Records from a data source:
··········

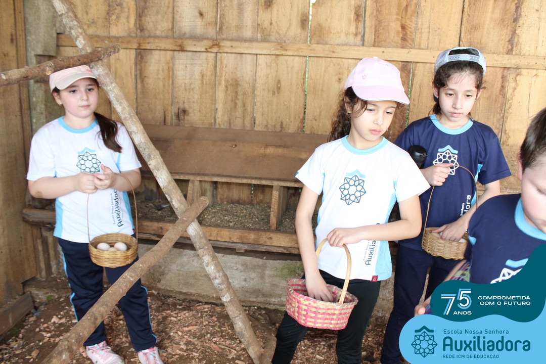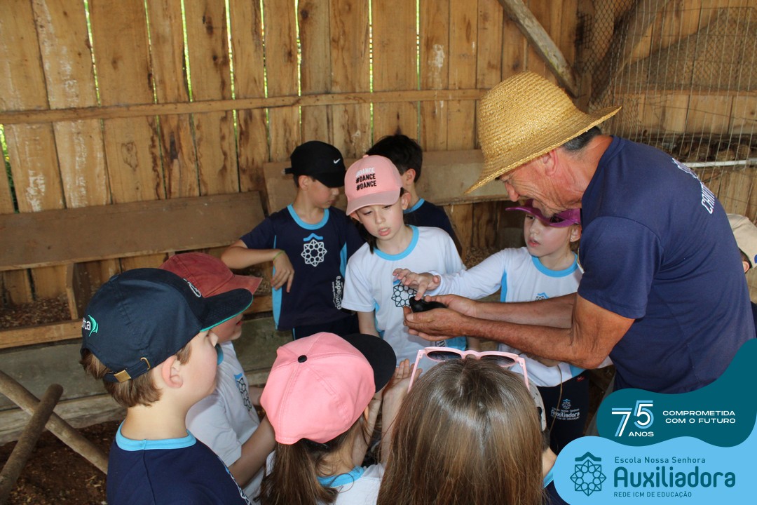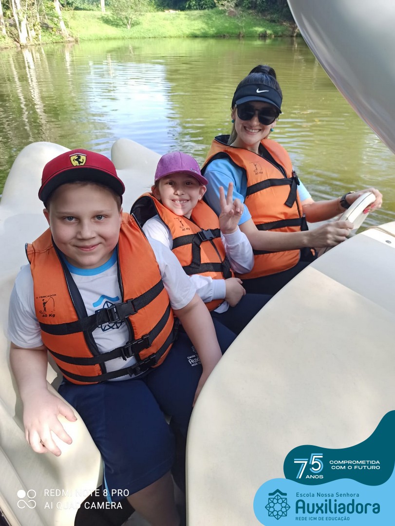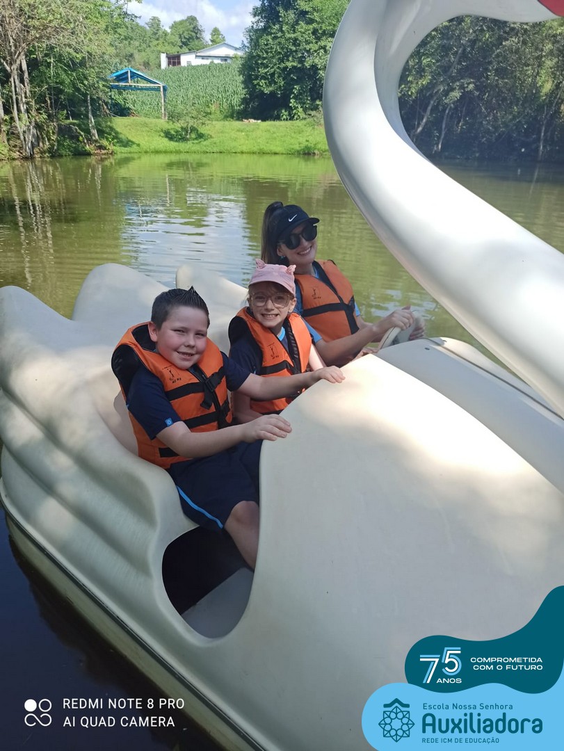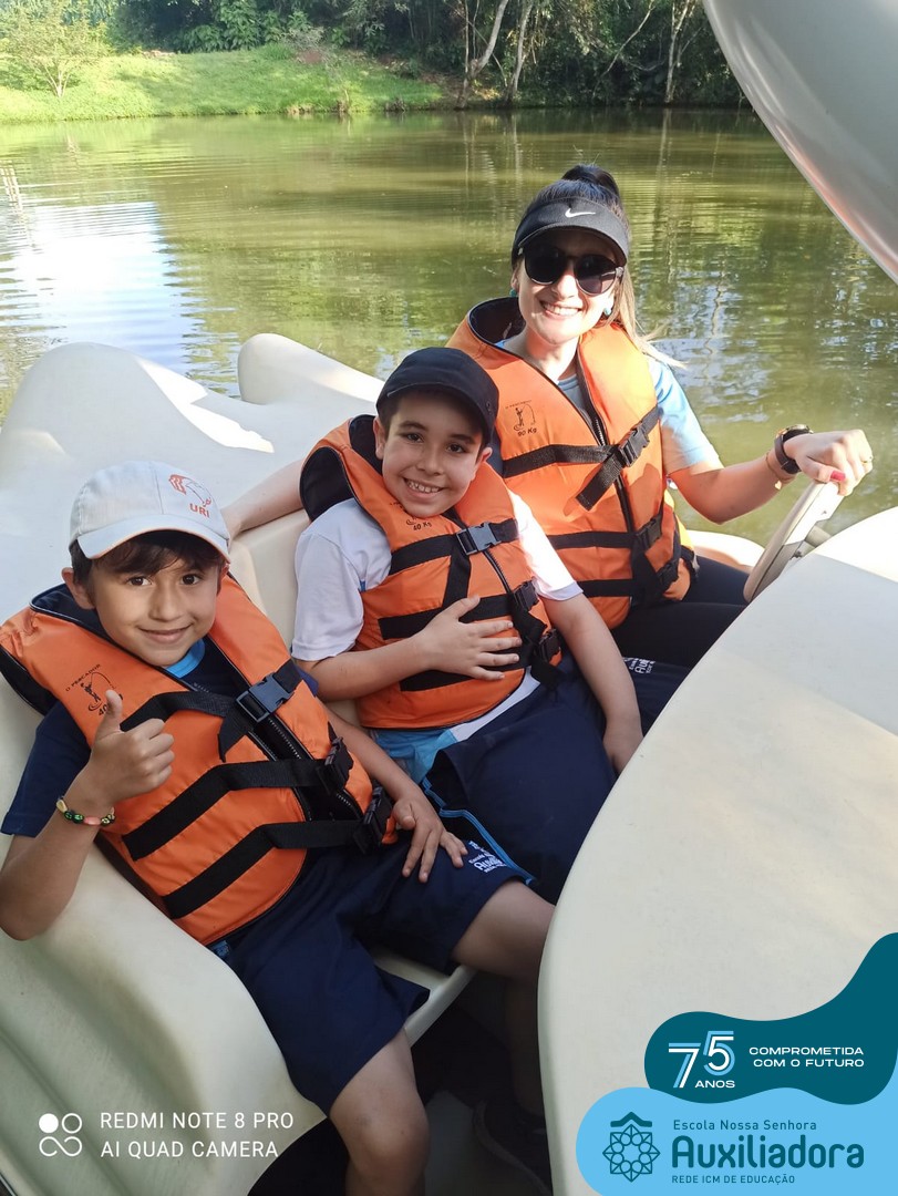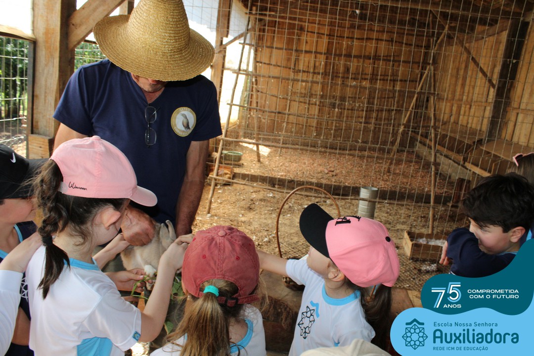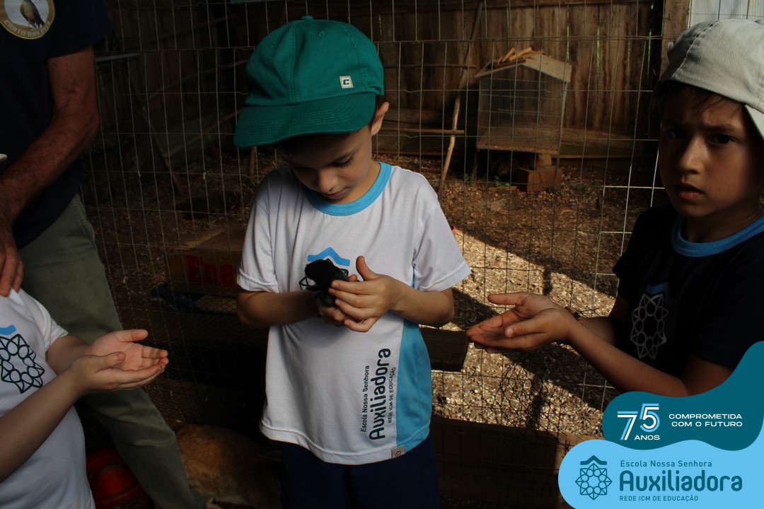 Entre os momentos de diversão, as crianças fizeram a coleta de ovos no galinheiro, interagiram com animais, fizeram uma trilha em meio à natureza, enquanto aprendiam sobre preservação e ecologia. Também não faltou risadas e alegria com brincadeiras de perna de pau, passeio de pedalinho e no carrinho, além de um piquenique para desfrutar da companhia dos colegas e professores.
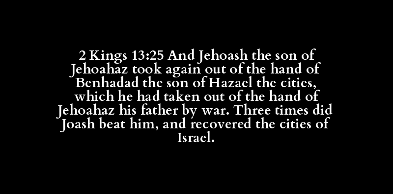 2 Kings 13:25 And Jehoash the son of Jehoahaz took again out of the hand of Benhadad the son of Hazael the cities, which he had taken out of the hand of Jehoahaz his father by war. Three times did Joash beat him, and recovered the cities of Israel.
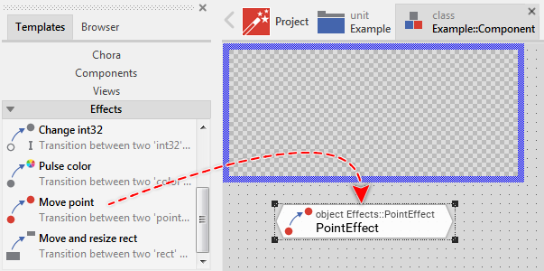 Please note, that this Effect object is optimized to handle with point values only. Other data types are supported by the Effects Change int32, Change float, Pulse color, Move and resize rect and Change bool.
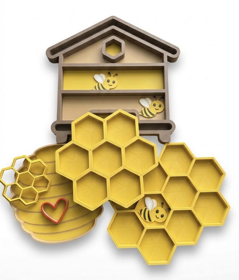 Náš vysypávací tác Plástev je bránou do světa smyslového objevování. Tvar inspirovaný včelím úlem děti přirozeně láká ke zkoumání struktur a vzorů. Je to ideální pomůcka pro sensory play (smyslové hraní), která hravou formou buduje soustředění a trpělivost.
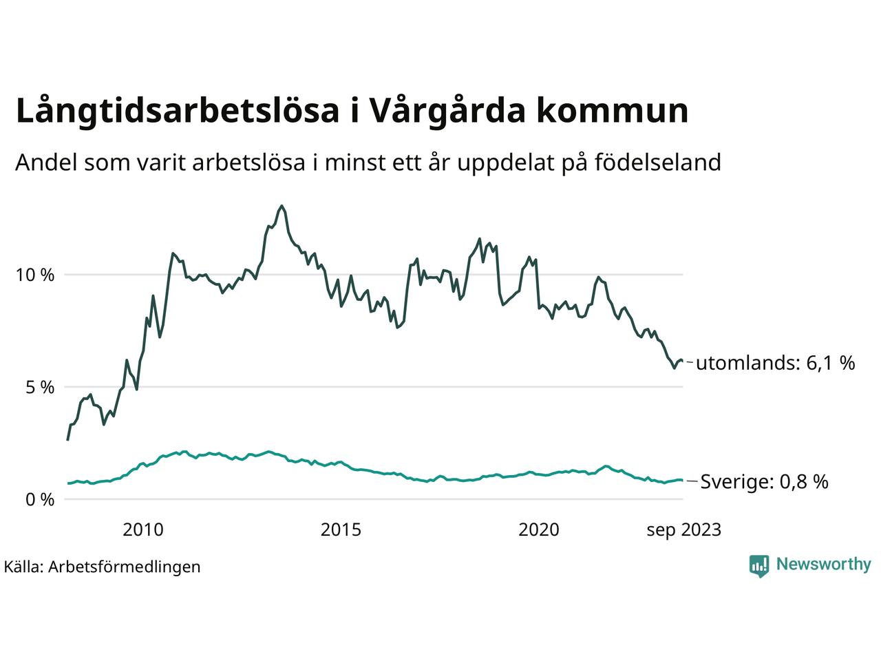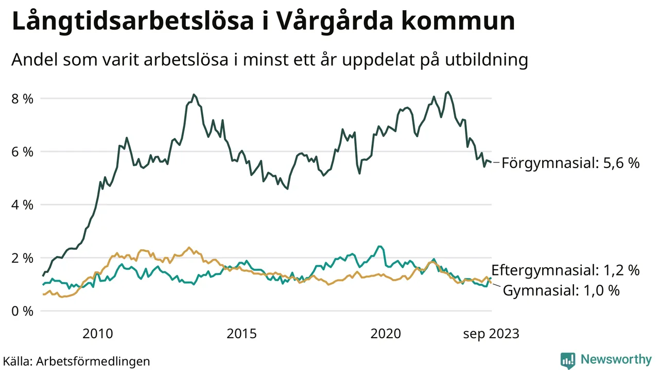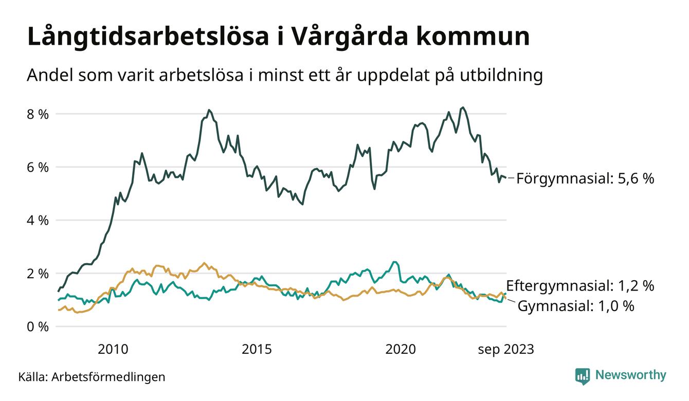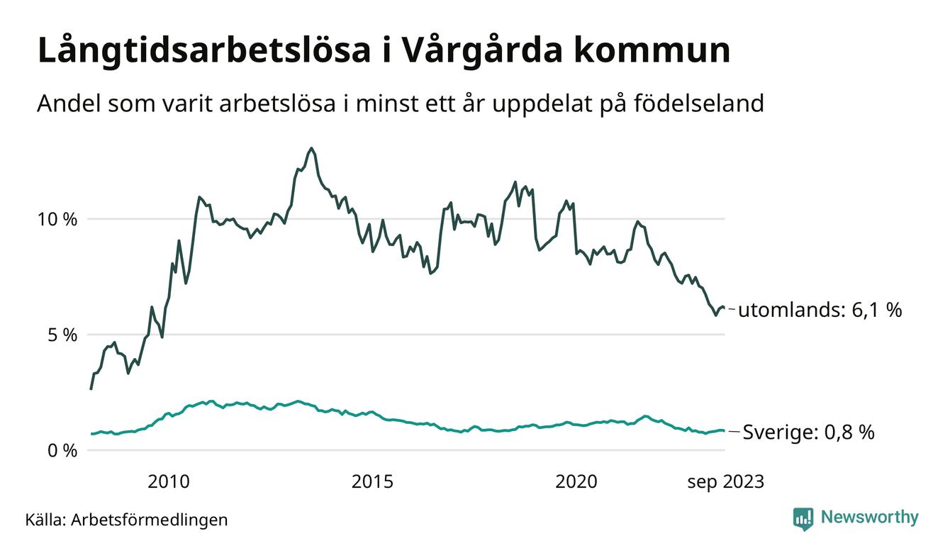 I september hade 105 Vårgårdabor varit arbetslösa i minst ett år, vilket är tre färre än månaden innan. 105 personer motsvarar 1,7 procent av arbetskraften i kommunen – andelen långtidsarbetslösa är 0,3 procentenheter lägre än samma månad för ett år sedan.
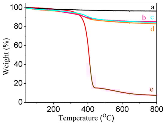 Thermogravimetric analysis (TGA) curves of (a) the bare SiO2 (black line), (b) SiO2@poly(2-vinyl pyridine)-b-poly(ethylene oxide) (P2VP-b-PEO)_1 (pink line), (c) SiO2@P2VP-b-PEO_2 (cyan line), (d) SiO2@P2VP-b-PEO_3 (orange line), and (e) P2VP-b-PEO (red line).

··········

Activity: Nothing but the lines from the one holding "Náš vysypávací tác" through the final line of the entries should be retyped, exactly as they stand and without pictures.

Solution:
 Náš vysypávací tác Plástev je bránou do světa smyslového objevování. Tvar inspirovaný včelím úlem děti přirozeně láká ke zkoumání struktur a vzorů. Je to ideální pomůcka pro sensory play (smyslové hraní), která hravou formou buduje soustředění a trpělivost.
 I september hade 105 Vårgårdabor varit arbetslösa i minst ett år, vilket är tre färre än månaden innan. 105 personer motsvarar 1,7 procent av arbetskraften i kommunen – andelen långtidsarbetslösa är 0,3 procentenheter lägre än samma månad för ett år sedan.
 Thermogravimetric analysis (TGA) curves of (a) the bare SiO2 (black line), (b) SiO2@poly(2-vinyl pyridine)-b-poly(ethylene oxide) (P2VP-b-PEO)_1 (pink line), (c) SiO2@P2VP-b-PEO_2 (cyan line), (d) SiO2@P2VP-b-PEO_3 (orange line), and (e) P2VP-b-PEO (red line).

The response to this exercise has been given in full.